Irish Economy on the Rise
Alan McQuaid is a leading economist and media commentator. He has previously worked with the Department of Finance and several Irish firms including both Merrion Stockbrokers and Cantor Fitzgerald Ireland. This month he has given us his current market analysis for Q4 2021, going into 2022.
Despite the ongoing uncertainty caused by the Covid-19 pandemic across the globe, the Irish economy continues to recover strongly. The most recent figures from the Central Statistics Office show that the economy – as measured by GDP – grew by 6.3% in the second quarter of 2021 compared to the first three months of the year. On an annual basis, GDP posted growth of 21.6% in the second quarter, as the economy was in the depths of the Covid-19 crisis last year. In the first half of 2021, GDP was 16.3% higher in real terms than the same period in 2020 and was 20.8% higher than the first quarter of 2019 (pre-Covid-19).
All in all, the Irish economy grew three times faster than the Eurozone average in the second quarter and now looks on course to post real GDP growth of between 15% and 20% this year, a phenomenal performance all things considered.
The country’s unemployment rate, including people receiving temporary Covid-19 jobless benefits, fell to a new pandemic low of 10% in September from 12.4% in August. The unemployment rate – including those getting the Pandemic Unemployment Payment (PUP) – stood at 15.9% in September of last year. Excluding recipients of the PUP, the jobless rate fell to 6.4% from 6.5% the month before. The Department of Finance forecasts that the overall unemployment rate will average 7.2% next year and fall to 6% in 2023 as the economy continues to recover.
On October 12, Budget 2022 was presented to the Dáil. Finance Minister Paschal Donohoe said the cost of running the country would be €87.6 billion and that he had €4.7 billion to increase public spending and reduce taxes. Most of that amount (€4.2 billion) is going on public spending. To accommodate people working from home he introduced a 30% tax rebate on vouched expenses for heat, electricity and broadband. The Minister said the 9% VAT rate on the hospitality sector would be extended to the end of August 2022. To help reach the Government’s target of building 33,000 houses a year until 2030, he proposed a zoned land tax, but the opposition jeered when he made it clear it would be at least two years before it came into effect. On climate change, the Minister said “future generations will not tolerate inaction from the leaders of today”, adding that “they deserve action”. As a result, he raised Carbon tax by €7.50 per tonne (as set out in the Finance Act 2020).
Ireland has agreed to adopt a 15% minimum corporate tax rate after several months of negotiations with the Organisation for Economic Co-operation and Development (OECD). The Irish government insisted on the removal of the term “at least” 15% with regard to the amount each country should charge and demanded a guarantee that it won’t be forced to increase the amount at a later date.
The 15% rate will only apply to multinational giants with a turnover of more than €750m. The Department of Finance has estimated that the cost to the Exchequer from the rate being increased could be as much as €2 billion a year as companies now decide to go elsewhere, but even with a higher rate of 15%, Ireland remains a very attractive place to do business given its young, highly educated and flexible workforce.
Consumer prices rose by 3.7% in September, which was the biggest annual increase in inflation since October 2008. The main contributor to inflation was energy costs: electricity was up 20.5%, gas prices were up 14.2% and home heating oil was up 46% in the year.
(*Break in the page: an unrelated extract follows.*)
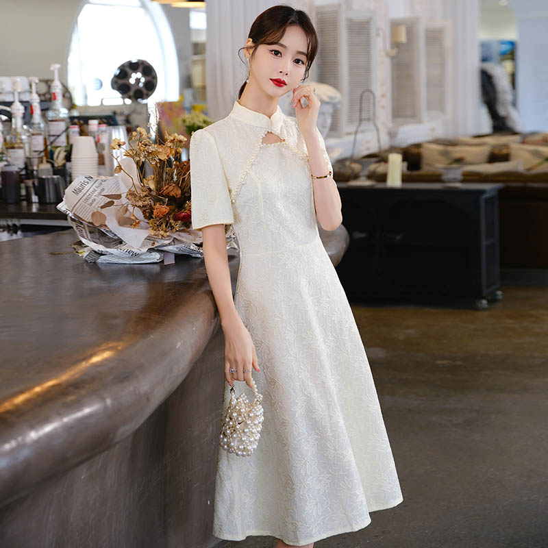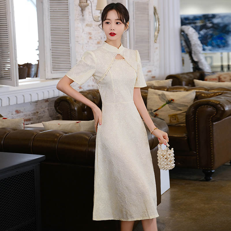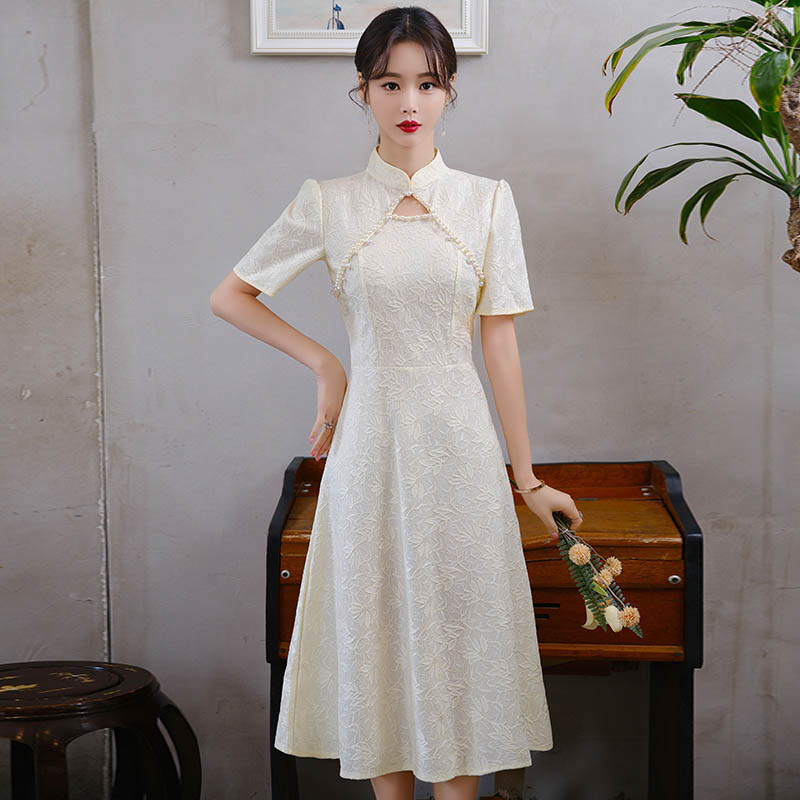胖MM修身 新款 气质温柔中长连衣裙 改良旗袍裙子女2025夏季 复古中式

The Department of Finance has forecast that inflation will peak at 4.5% in the final quarter before falling back below 2% next year. However, it said the average rate could be closer to 3.5% in 2022 if there are higher energy prices, prolonged global supply chain disruptions and greater short-term economic demand.
House price inflation rose to a three-year high of 10.9% in August as panic buying, low borrowing costs and increased working from home fuel greater activity in the market. The average price paid for a home across the State is approximately €20,271 higher than it was 12 months ago while average prices in Dublin are €43,682 higher. Many had predicted property values would decline as a result of the pandemic but a number of factors – increased savings, home working and expatriates returning from London after Brexit – have led to an acceleration in prices.
Despite the sharp rise in inflation in recent months the majority of the ECB’s Governing Council believe the pick-up in prices is only transitory, caused in the main by supply chain disruptions as a result of Covid-19. The latest economic forecasts from ECB staffers point to inflation falling back again below target over the next couple of years. However, prices are rising across the board as businesses try to recoup the losses they incurred, and economies return to some sort of normality. As a result, the ECB will probably be forced into remedial action sooner than it thinks.
Meanwhile, average interest rates offered to Irish mortgage borrowers have softened slightly over the past year, with the weighted average rate on new home loan agreements standing at 2.74% in August, according to figures from the Central Bank, down 9 basis points on August 2020, but the rates borrowers pay in the Irish market still remain well above the Eurozone average of 1.27%. We are seeing a steady reduction in the rates offered by various providers across the board, and this is likely to continue for the immediate future as the cost of credit remains low and competitors vie for business from Irish mortgage customers.